Art, News


We Impose No Rules: Select Works from the Gutai Group
The Arts Club
13 September 2017 – January 2018

The Arts Club is set to present an exhibition focusing on key masters of the Japanese avant-garde group, Gutai – several of whom have never shown in London before. Founded in 1956, the Gutai group forged radical new ways of making abstract paintings in terms of both their actions and as an overarching philosophy. Encouraged by Gutai founder Jiro Yoshihara to “do what no one has done before!” the artists used unorthodox techniques including inciting explosions, crashing jars of paint against surfaces and using the artist’s body to paint in novel ways.

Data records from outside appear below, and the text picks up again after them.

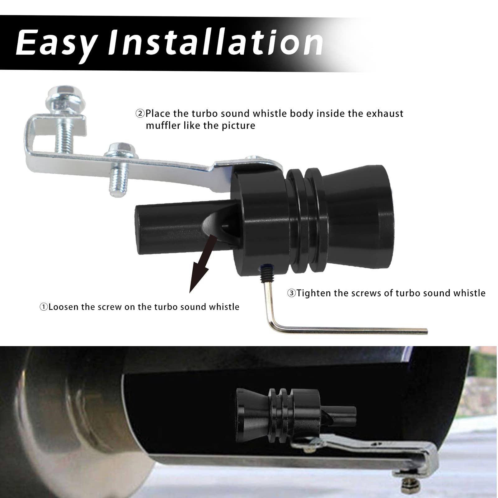 The easy installation just mount in the tailpipe and tighten the screws.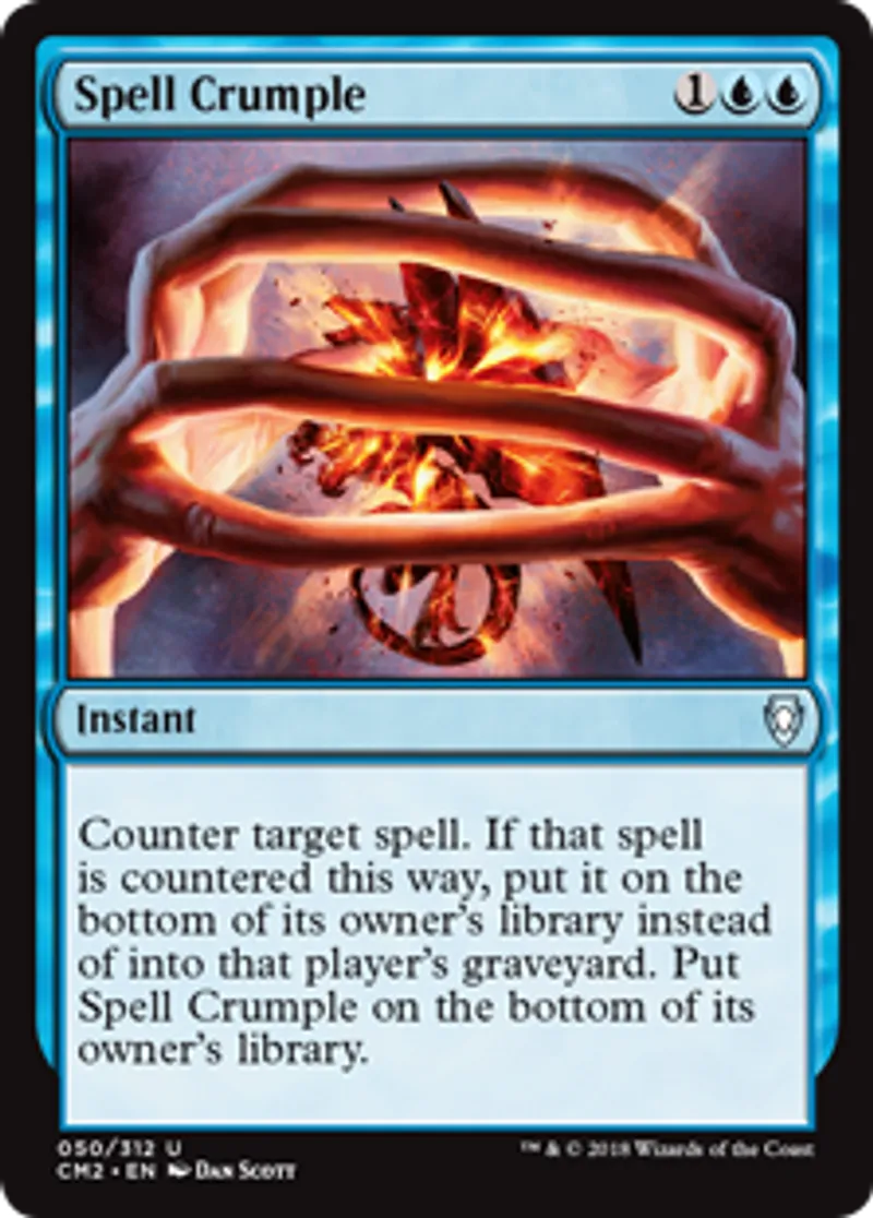 | Oracle Text | Counter target spell. If that spell is countered this way, put it on the bottom of its owner's library instead of into that player's graveyard. Put Spell Crumple on the bottom of its owner's library. | ||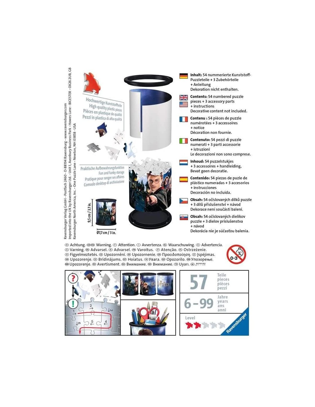Tutta la qualità ravensburger in un puzzle 3D Costruisci il portapenne 3D di harry potter Il puzzle 3D diventa un utile portapenne Dimensioni scatola: 14x20x7 cm Dimensioni puzzle: 8x8x10 cm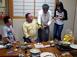 サプライズ その4 お店のオーナーさんから花束のプレゼント! お二人さんとても喜んでました♪ |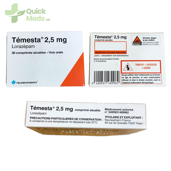 Temesta (Lorazepam) 2.5mg is a prescription benzodiazepine medication used for the short-term management of severe anxiety disorders, anxiety-related insomnia, and as a pre-anesthetic sedative. It works by enhancing the effects of GABA in the brain to produce a calming effect.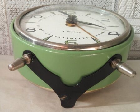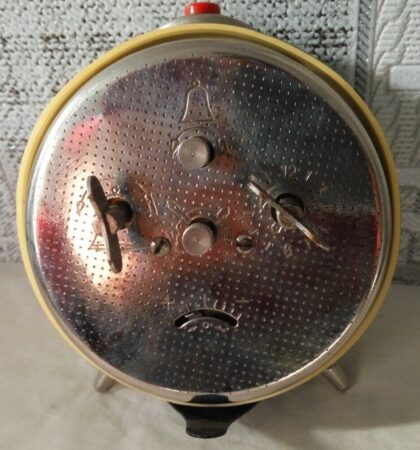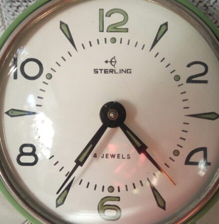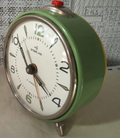 Réveil de marque « Sterling » (en fait un Vitiaz pour l’exportation) de la Fabrique horlogère de Rostov.Mécanisme 6373 à 4 rubisDiamètre: 94mmHauteur: 108mmPoids: 338gr

Started four years after the end of the allied occupation that transformed Japan into a democratic State, Gutai rejected traditional art styles in favour of performative practices. They declared freedom of expression, an emphasis on individualism and had a desire to express the true natures of their materials, whilst also being in an open dialogue with artists from around the world, from Jackson Pollock to the Dadaists. Politically, Gutai marks a clear break from Japan’s autocratic and isolationist past and a desire to build a new language for art after the horrors of the Second World War. Works by masters Shozo Shimamoto, Atsuko Tanaka, Takesada Matsutani, and Toshio Yoshida will be on display.

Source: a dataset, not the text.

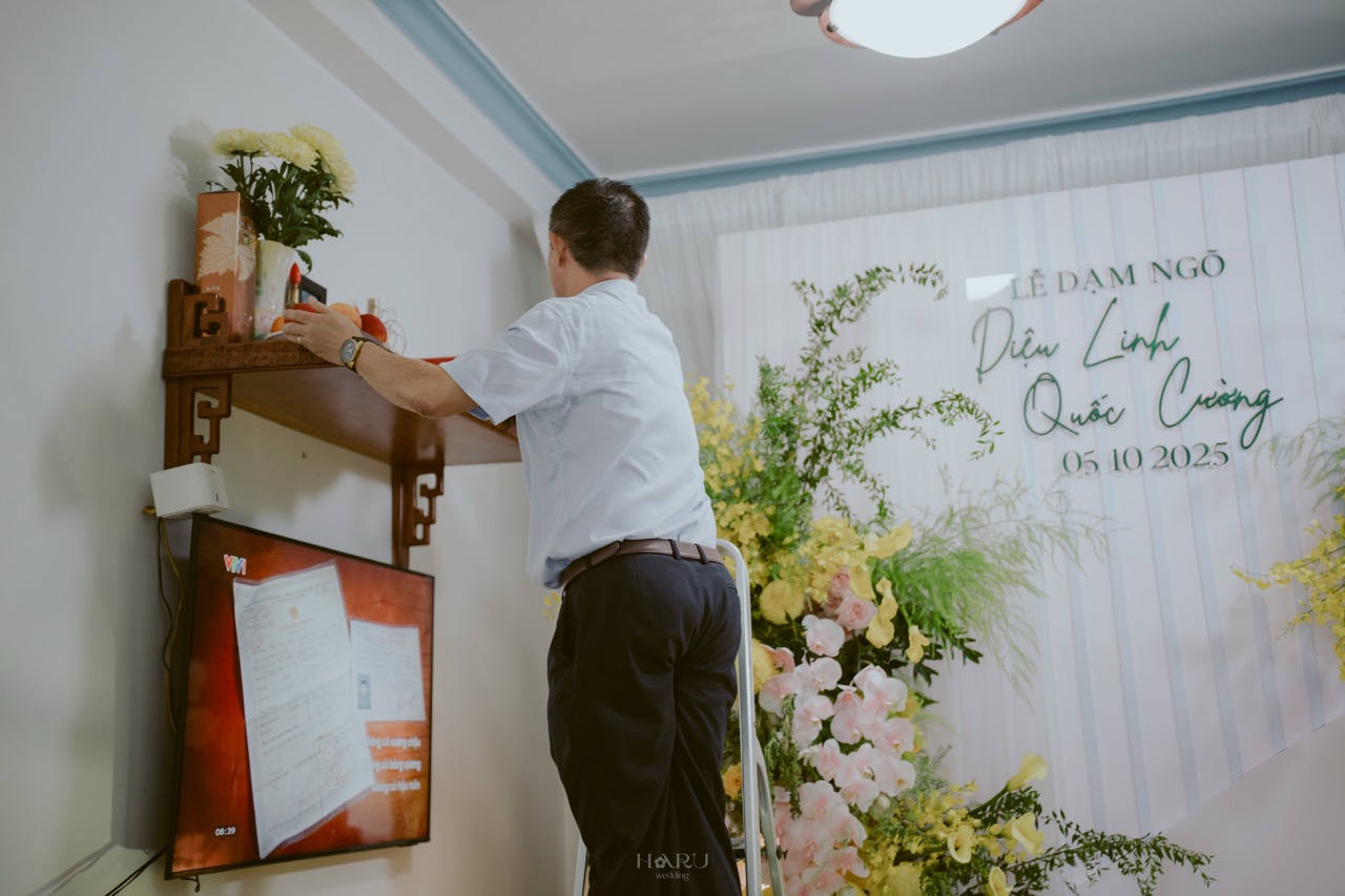Ngày dạm ngõ hôm ấy, cả nhà rộn ràng chuẩn bị từ sớm. Trong không khí ấm áp, vẫn đâu đó xen lẫn chút hồi hộp, lo lắng — cảm xúc rất riêng của những khoảnh khắc đầu tiên trên hành trình nên duyên

The Arts Club show marks the London debut of works by Atsuko Tanaka (1932–2005) and Shozo Shimamoto (1928–2013), key members of the Gutai group who have been included in major museum shows in the US such as The Solomon R. Guggenheim Museum, NY and the Museum of Modern Art, NY, but remarkably, remain relatively unknown in Europe. Also included in the show are well-established Gutai members: Toshio Yoshida (1928-1997) and Takesada Matsutani (b.1937). Gutai’s innovations have been key to the development of art history.

Shimamoto, a co-founder of the Gutai movement in the 1950s, staged almost violent confrontations with the surfaces of his paintings, at first through piercing holes and cuts, and eventually by shooting jars of paint out of a canon to crash them onto the surface, creating beautiful abstract artworks in their wake. Tanaka depicts circles of colour connected by sinuous lines, at times in almost grid-like formations and in other instances, in chaos. She gained recognition for her Electric Dress (1956) consisting of wires and coloured lightbulbs that she wore to exhibition openings.

Toshio Yoshida also worked at the intersection between painting and performance. His practice includes burn paintings, made by searing or scarring plywood panels with soldering iron or red hot coals and, his single brush stroke Sakuhin paintings. He also made pour paintings, pouring Indian Ink from a watering can, and foam paintings, built up through soap foam mixed with paint. Takesada Matsutani began exhibiting with the Gutai group in 1960. He used vinyl glue to create bulbous, scar-like elements on canvas surfaces, blowing them up with his own breath to create the swellings.

Together these artists represent the highly varied experimental pursuits of Gutai, united by a strong commitment to ideals of individual freedom.

The exhibition is curated by Amelie von Wedel and Pernilla Holmes from Wedel Art.